> EXERCISE DESCRIPTION:
The reply should hold only the lines from the one with "デフォルトの外見:defTakumi、ポニーテール、長い髪、手袋、鎧" to the one with "ガラス天板付きなので汚れを気", both ends kept, exactly as they appear below, without any pictures.

(Extracted records)
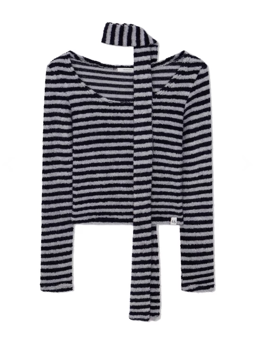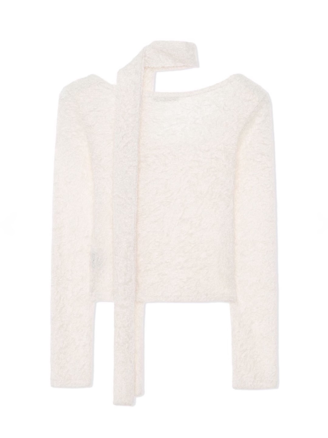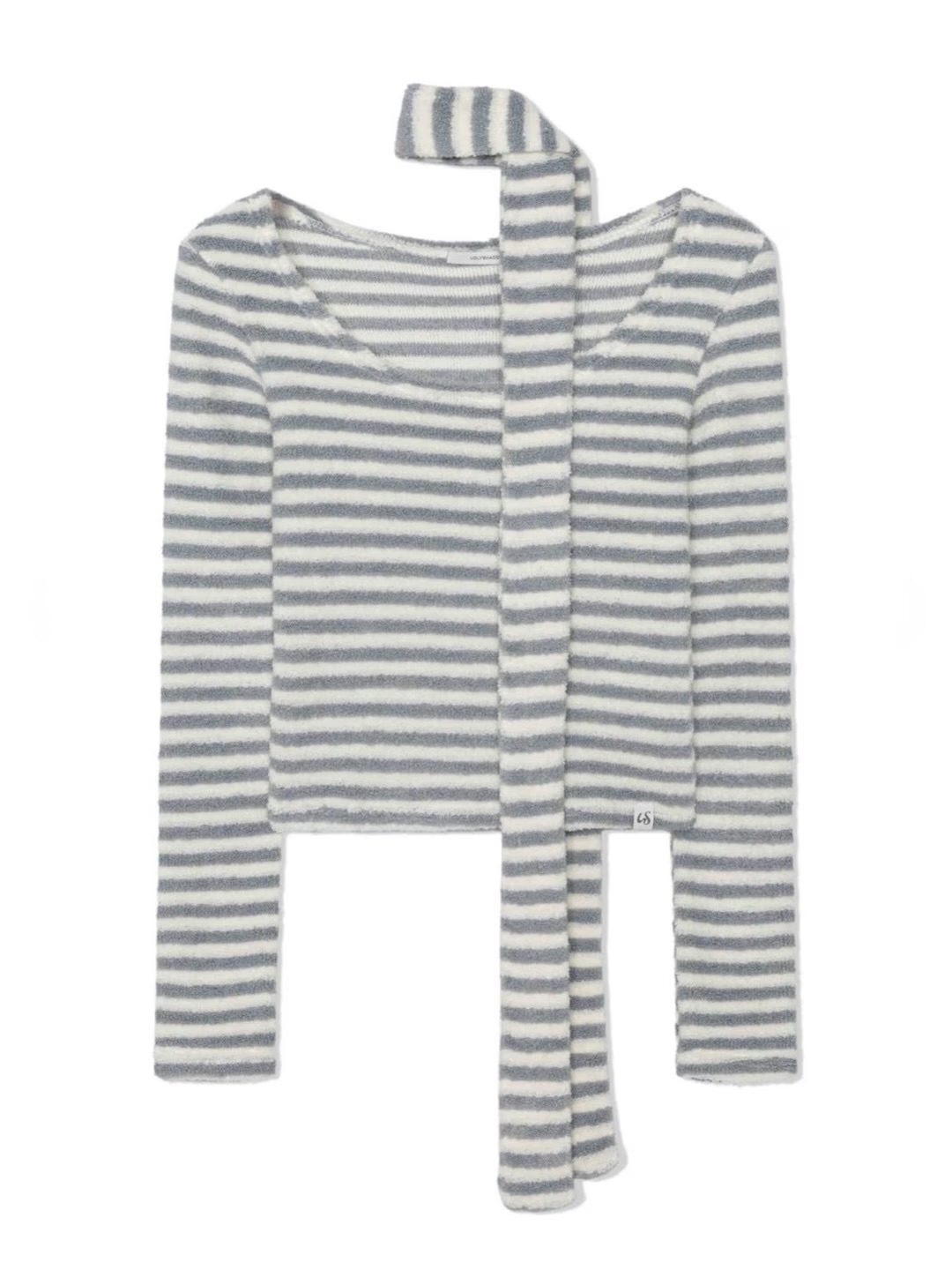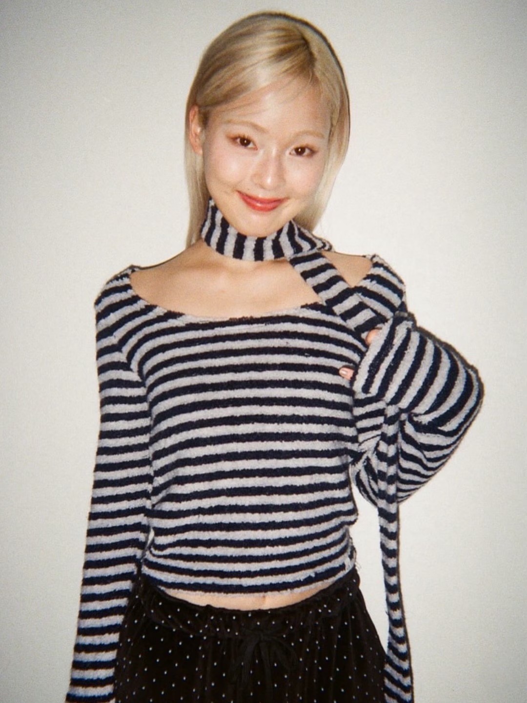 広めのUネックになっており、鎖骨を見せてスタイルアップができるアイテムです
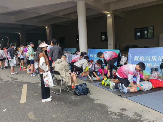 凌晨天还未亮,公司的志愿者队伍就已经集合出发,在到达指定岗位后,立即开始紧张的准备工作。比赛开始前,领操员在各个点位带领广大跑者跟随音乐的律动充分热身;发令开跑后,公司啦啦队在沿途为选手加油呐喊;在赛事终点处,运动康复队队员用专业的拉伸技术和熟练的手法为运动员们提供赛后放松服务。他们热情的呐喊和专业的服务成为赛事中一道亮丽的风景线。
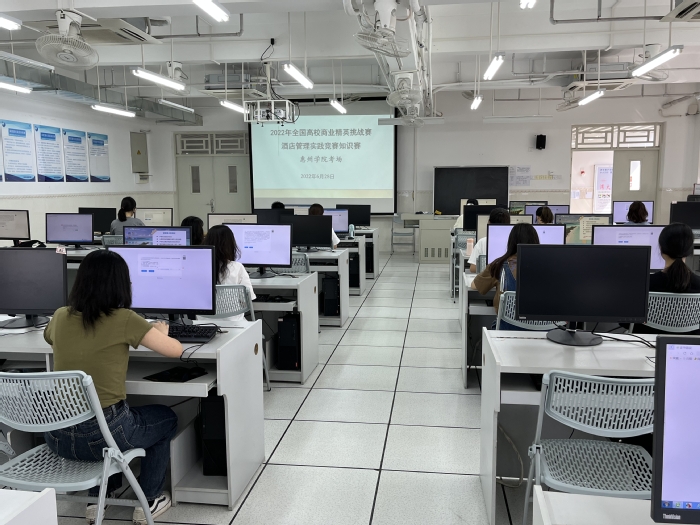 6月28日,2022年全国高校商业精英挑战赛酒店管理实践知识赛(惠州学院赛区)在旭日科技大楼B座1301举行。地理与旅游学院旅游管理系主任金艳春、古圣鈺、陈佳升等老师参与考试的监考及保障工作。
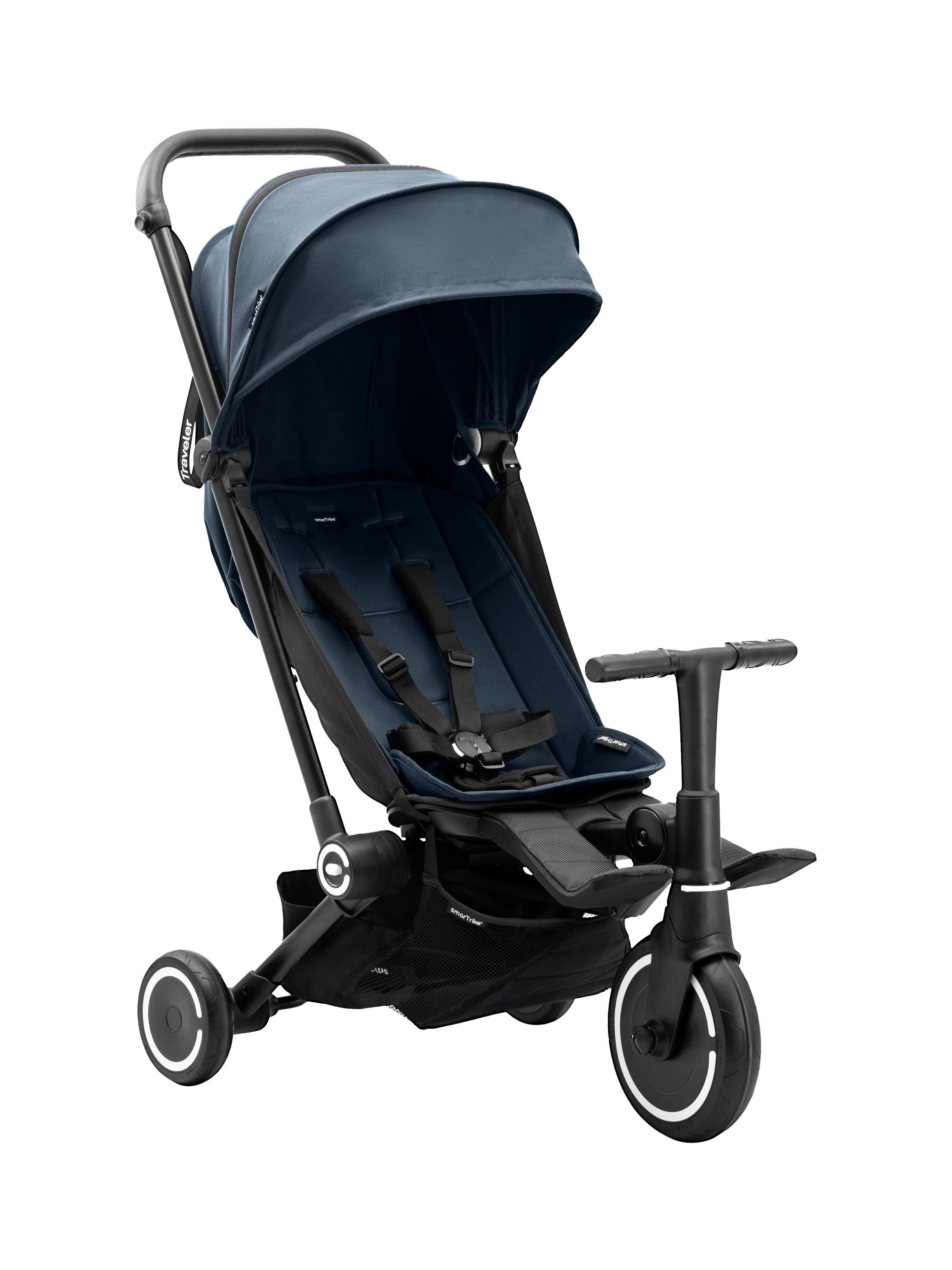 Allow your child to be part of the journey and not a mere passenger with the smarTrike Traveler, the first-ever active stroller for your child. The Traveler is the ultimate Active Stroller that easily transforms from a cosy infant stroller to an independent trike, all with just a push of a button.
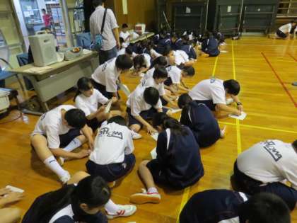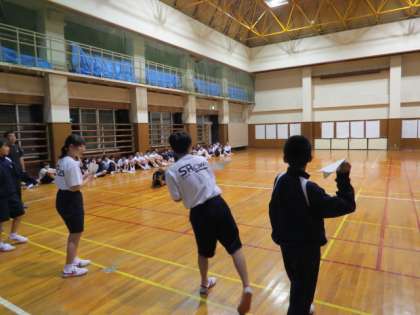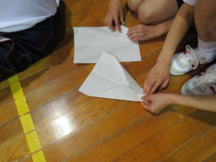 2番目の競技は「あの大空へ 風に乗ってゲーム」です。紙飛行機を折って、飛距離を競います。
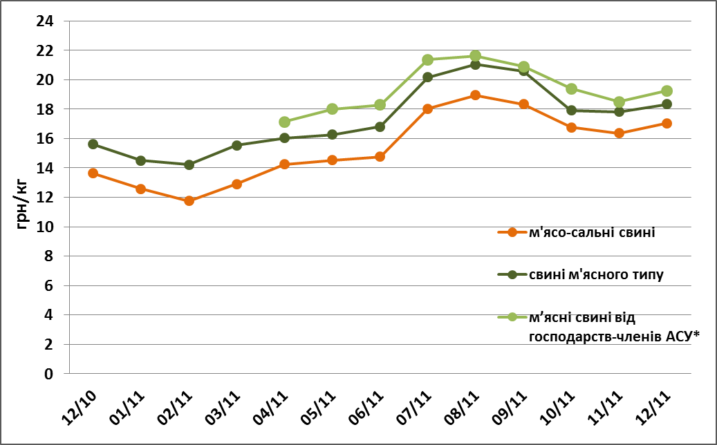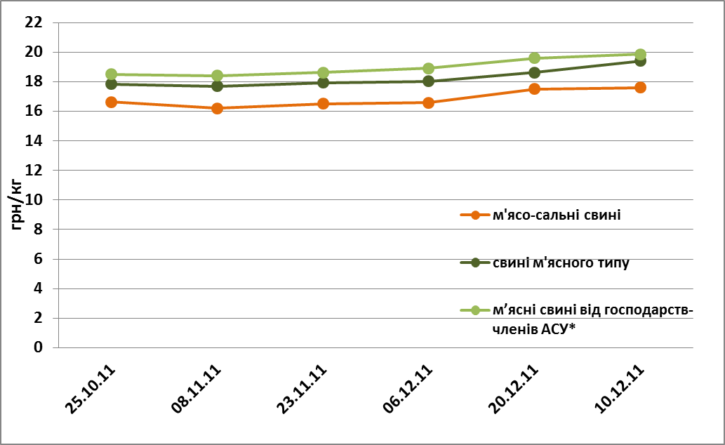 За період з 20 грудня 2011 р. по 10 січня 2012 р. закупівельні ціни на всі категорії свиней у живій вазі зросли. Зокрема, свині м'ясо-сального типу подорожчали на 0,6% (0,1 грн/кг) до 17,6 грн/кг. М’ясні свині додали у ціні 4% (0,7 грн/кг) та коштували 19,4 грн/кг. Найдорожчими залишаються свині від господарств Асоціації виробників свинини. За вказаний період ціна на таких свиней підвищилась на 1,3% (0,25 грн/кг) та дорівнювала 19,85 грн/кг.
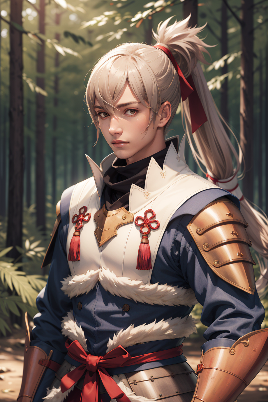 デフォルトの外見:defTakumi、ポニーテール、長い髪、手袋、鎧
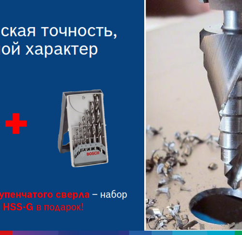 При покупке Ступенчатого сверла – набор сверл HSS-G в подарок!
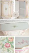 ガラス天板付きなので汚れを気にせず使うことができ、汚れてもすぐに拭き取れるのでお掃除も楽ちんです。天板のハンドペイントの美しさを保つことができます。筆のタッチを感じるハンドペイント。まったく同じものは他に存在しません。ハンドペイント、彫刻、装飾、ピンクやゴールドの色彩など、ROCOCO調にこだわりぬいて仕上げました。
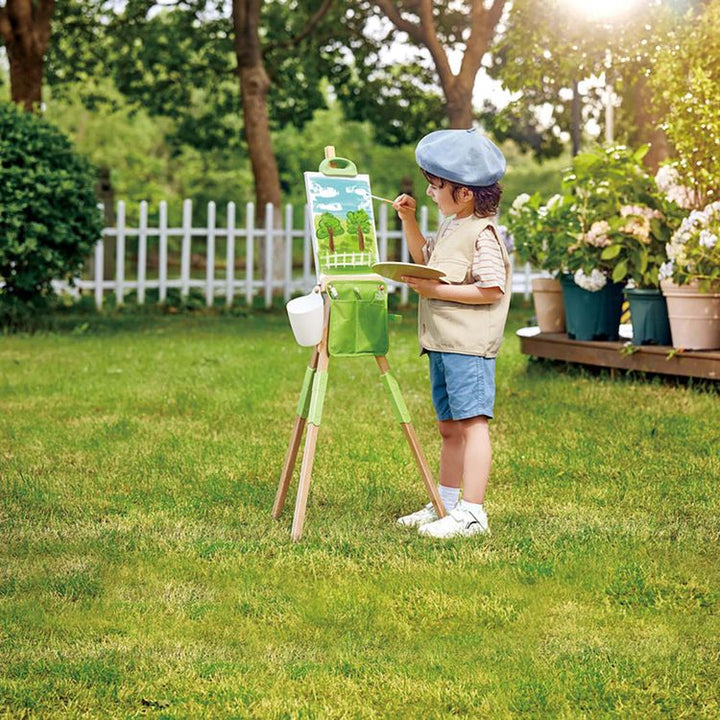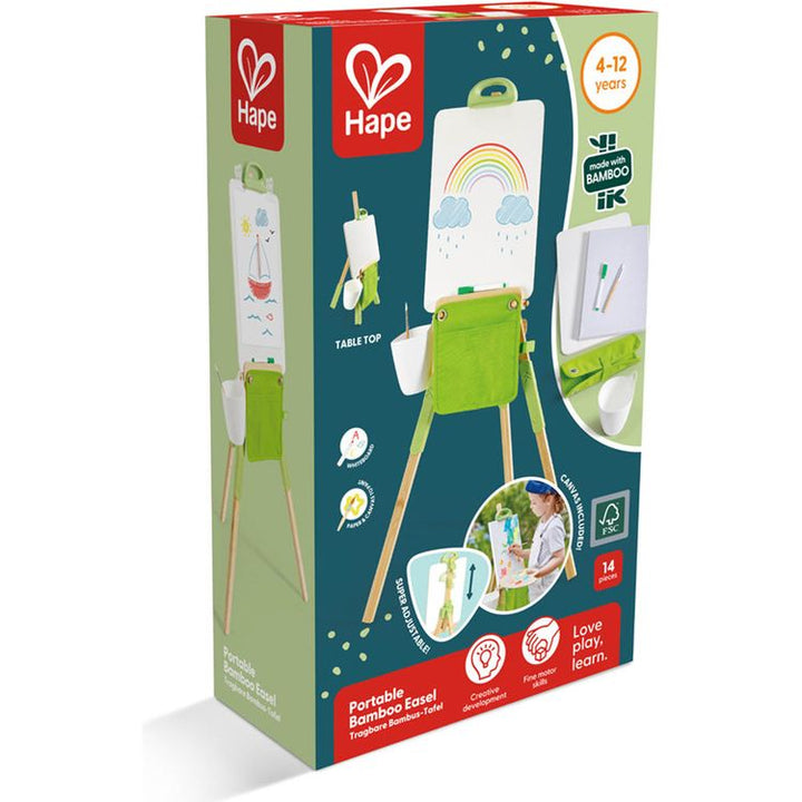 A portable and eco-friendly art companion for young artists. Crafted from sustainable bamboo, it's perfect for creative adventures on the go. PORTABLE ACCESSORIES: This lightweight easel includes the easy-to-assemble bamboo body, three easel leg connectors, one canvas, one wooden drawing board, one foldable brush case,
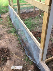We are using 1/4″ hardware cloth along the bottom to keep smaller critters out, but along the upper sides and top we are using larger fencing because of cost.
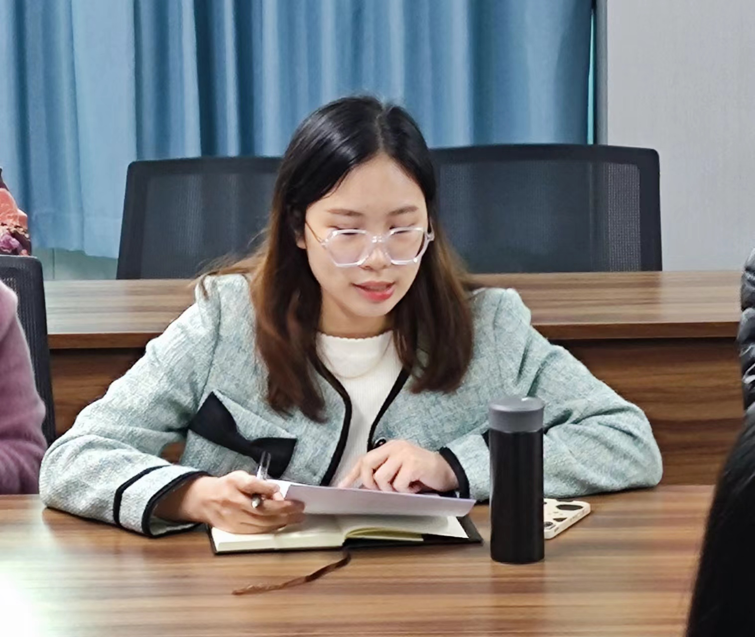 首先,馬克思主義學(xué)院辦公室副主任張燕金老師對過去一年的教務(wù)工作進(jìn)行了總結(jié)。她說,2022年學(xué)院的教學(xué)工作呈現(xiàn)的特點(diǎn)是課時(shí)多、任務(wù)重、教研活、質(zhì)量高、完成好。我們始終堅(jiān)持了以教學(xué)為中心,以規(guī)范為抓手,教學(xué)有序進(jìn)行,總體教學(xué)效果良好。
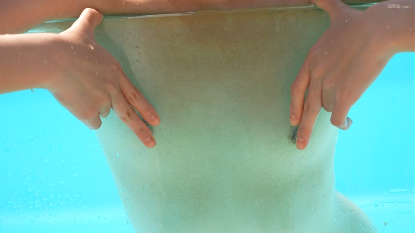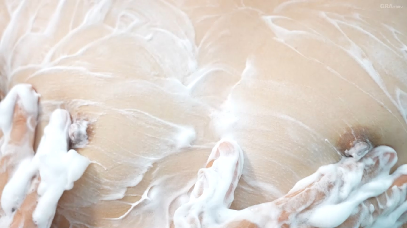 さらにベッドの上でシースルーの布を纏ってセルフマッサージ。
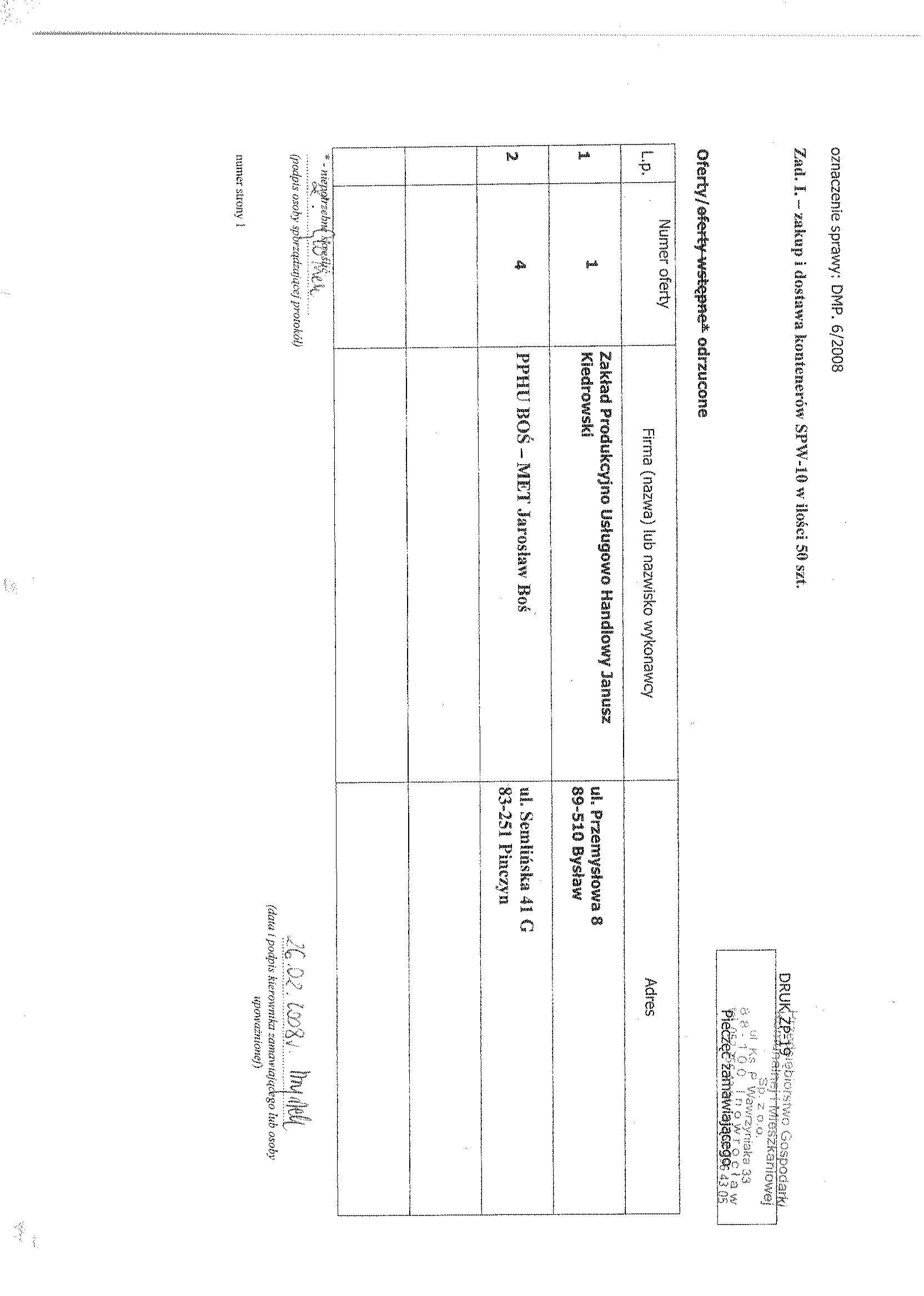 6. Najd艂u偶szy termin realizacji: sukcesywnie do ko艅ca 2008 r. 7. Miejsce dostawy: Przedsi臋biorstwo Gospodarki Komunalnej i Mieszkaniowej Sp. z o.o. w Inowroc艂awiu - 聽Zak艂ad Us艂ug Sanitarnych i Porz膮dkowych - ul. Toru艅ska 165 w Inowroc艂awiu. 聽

> RESULT:
 デフォルトの外見:defTakumi、ポニーテール、長い髪、手袋、鎧
 При покупке Ступенчатого сверла – набор сверл HSS-G в подарок!
 ガラス天板付きなので汚れを気にせず使うことができ、汚れてもすぐに拭き取れるのでお掃除も楽ちんです。天板のハンドペイントの美しさを保つことができます。筆のタッチを感じるハンドペイント。まったく同じものは他に存在しません。ハンドペイント、彫刻、装飾、ピンクやゴールドの色彩など、ROCOCO調にこだわりぬいて仕上げました。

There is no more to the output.